As such, there appeared a demand for synthetic physical modeling to mimic the collective signaling patterns of neuronal ensembles [12, 9, 10]. The aim of several open-loop  and of the more recent closed-loop feedback-based control approaches [25, 26, 23, 19]
is to desynchronize the large network of neurons, without suppressing the very oscillatory activity of individual neurons. In such physical synthetic models, the output of neurons is typically described either by several sets of ordinary differential equations (ODE), by partial differential equations (PDE), or by a map-based definition.
At the same time, the explosive development of RL 
in recent years has offered a new data-driven methodology that could operate completely unaware of the physical world or of the underlying neuronal model. The Machine Learning (ML) techniques are now extensively used for analysis and prediction of complex systems[13, 21, 34, 24, 7, 32, 33] and it seems natural to propose this framework for the purposes of control in deep brain stimulation as well. RL is often difficult to apply to real-world applications because of the necessary exploration, which implies a large number of trial and errors, potentially with dramatic consequences, before being able to improve the policy. Nevertheless, DBS is a setting where those drawbacks are absent. Its action space can easily be constrained to ensure that the agent’s actions are harmless to the patient, and, depending on the DBS device, the frequency of decision making ranges from 60 Hz to 150 kHz , meaning that 1 million transitions may be collected in less than 2 to 5 hours on a single patient.
In this paper, we report creation of a convenient gym environment  for developing and comparing the interaction of RL agents with several types of neuronal models developed in computational neuroscience and physics. The ODEs or descriptor maps are wrapped into the framework as individual environments, allowing to switch easily between environments, to use various RL models, and potentially multiple agents. Using this framework, we demonstrate successful suppression of the collective mode in three different types of oscillatory ensembles, using various policy-based approaches , and show the first demonstration of synchrony suppression using a pair of RL agents trained using PPO. The suppression workflow proposed here is universal and could be used to create benchmarks among different physical models, to create different control algorithms, and to pave the way towards the clinical realization of deep brain stimulation via RL. The policy gradient algorithm PPO used below can provide a robust data-driven control, agnostic of the neuronal model and promises pathways for integration with current clinical DBS systems.
2 The model
In this work, we train RL agents with proximal policy optimization [27, PPO] (see diagram of Fig. 1).
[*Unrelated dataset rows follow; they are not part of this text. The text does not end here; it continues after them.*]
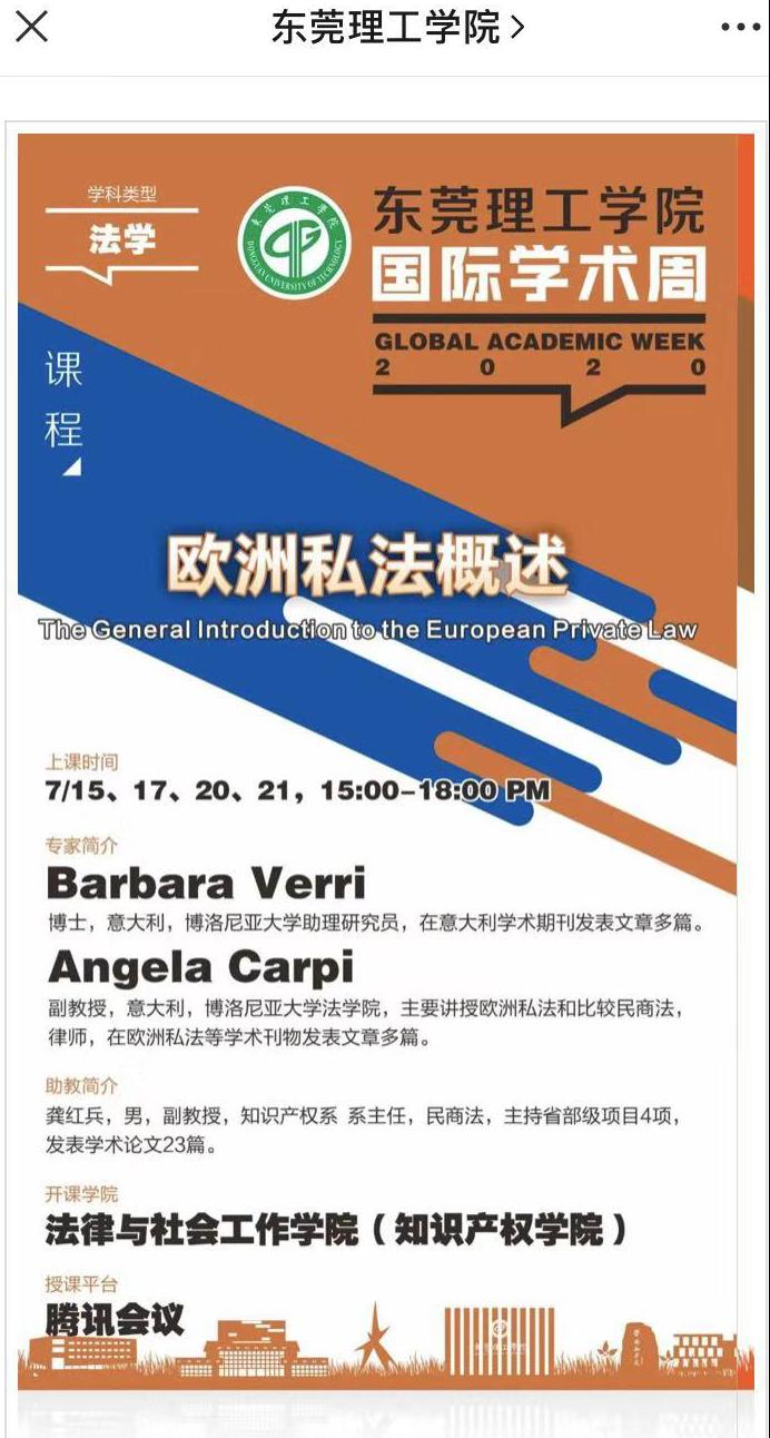 国际周(Global Academic Week),为学生提供了一个国际化交流的平台与机会。法律与社会化工作学院(知识产权学院)为全校学生开设了《欧洲私法概述》国际课程。该课程由来自意大利博洛尼亚大学法学院Barbara Verri助理研究员讲授,Barbara Verri,博士,毕业于意大利特伦特大学,主要研究欧洲比较私法,在意大利学术期刊发表多篇关于欧洲私法和比较民商法的文章,兼职律师。 课程的报名情况都非常活跃,本次课程报名人数达60人。
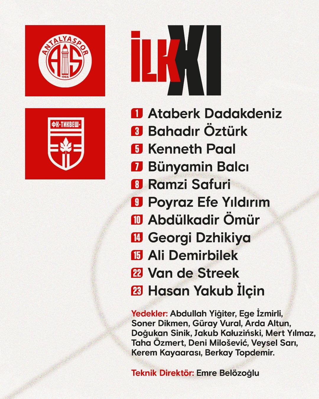 İlk 11’de yer alan oyuncular: Ataberk Dadakdeniz, Bahadır Öztürk, Kenneth Paal, Bünyamin Balcı, Ramzi Safuri, Poyraz Efe Yıldırım, Abdülkadir Ömür, Georgi Dzhikiya, Ali Demirbilek, Van de Streek ve Hasan Yakub İlçin.
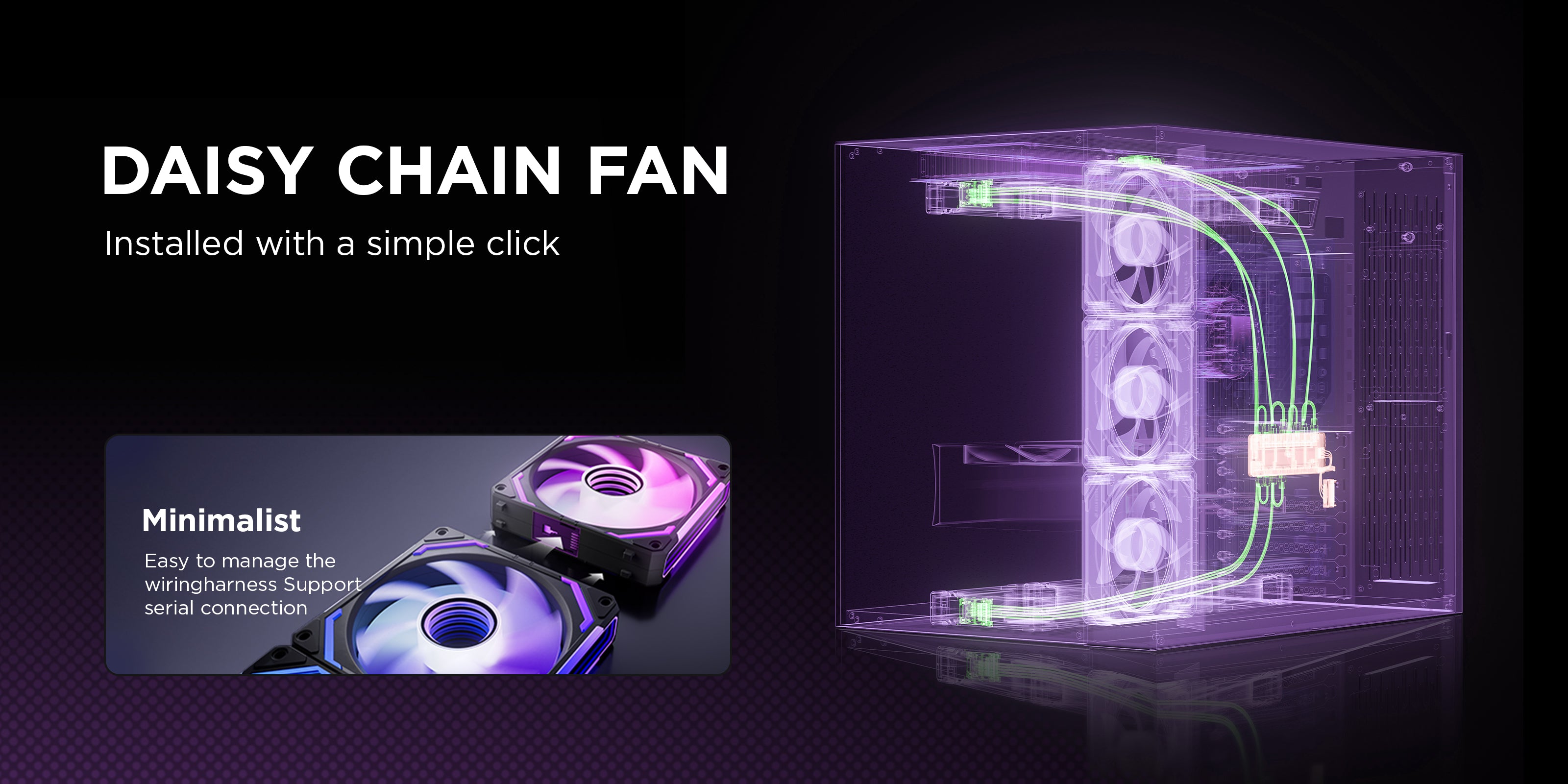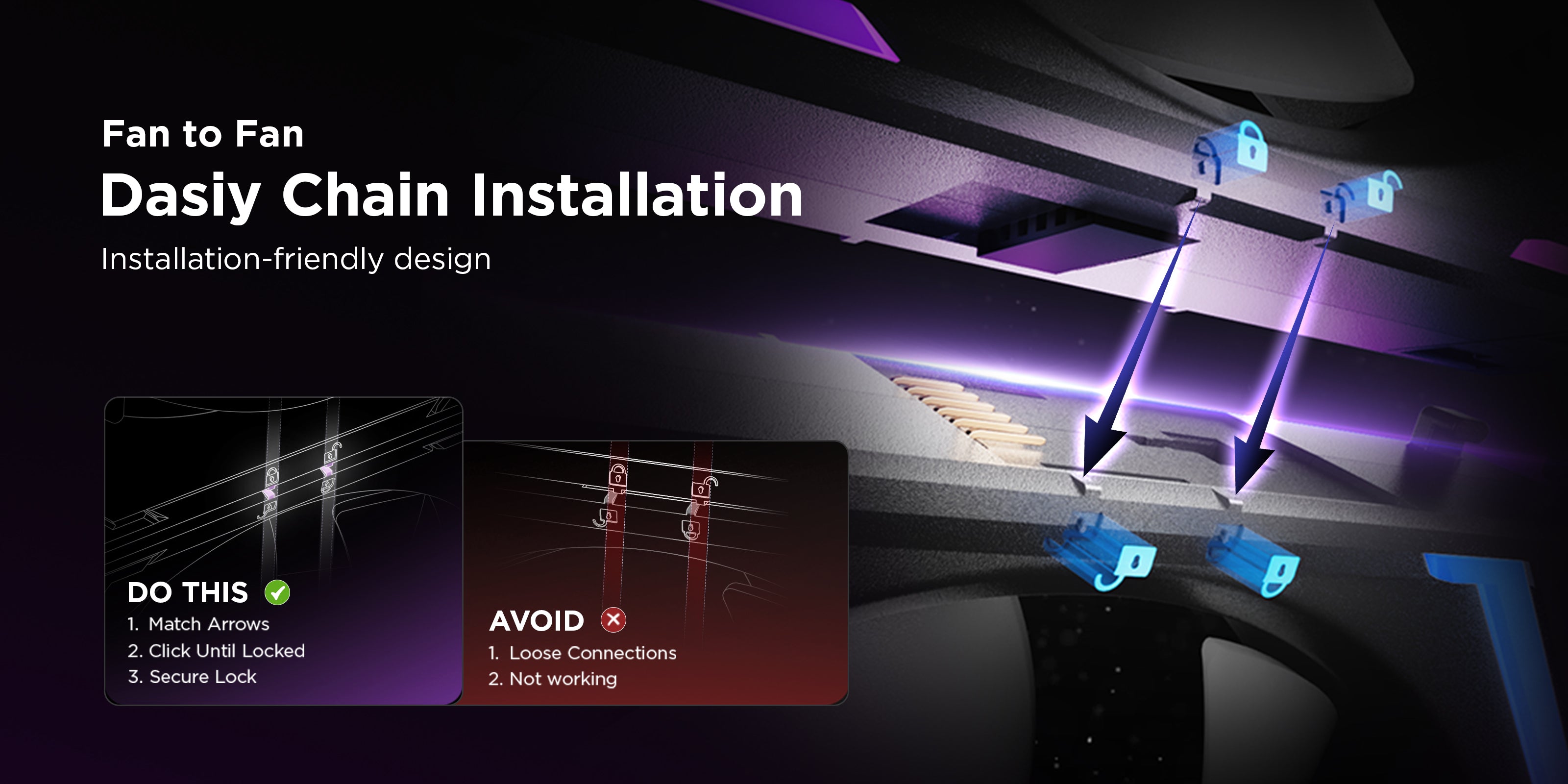 - Cable Management: With our unique interlocking connectors, installation is so easy. Only one cable is required per fan cluster, effectively reducing cable clutter.

Classically, training involves five main blocks for the control problem: Environment, Action, State, Reward, and Agent. The flow works as follows: the agent observes a state, then takes an action, next, the environment responds with a reward signal and the agent observes the new state of the environment, which closes the loop of interaction. We now describe each block, its characteristics, and its function in detail.
Fig. 1 conceptually shows which components contribute to the model of our RL “environment”. Each configuration, such as the model and the number of neurons in an inter-connected ensemble, type of their links, strength and the model of connectivity within the “brain”, can be tuned to simulate certain pathological signalling patterns. Well studied in the physical sciences, such models of pathological brain networks include (ranging from simple to complex): a globally coupled ensemble, interacting groups of excitatory and inhibitory neurons, including spatially-structured ones, detailed models of involved brain regions, and other more complex models.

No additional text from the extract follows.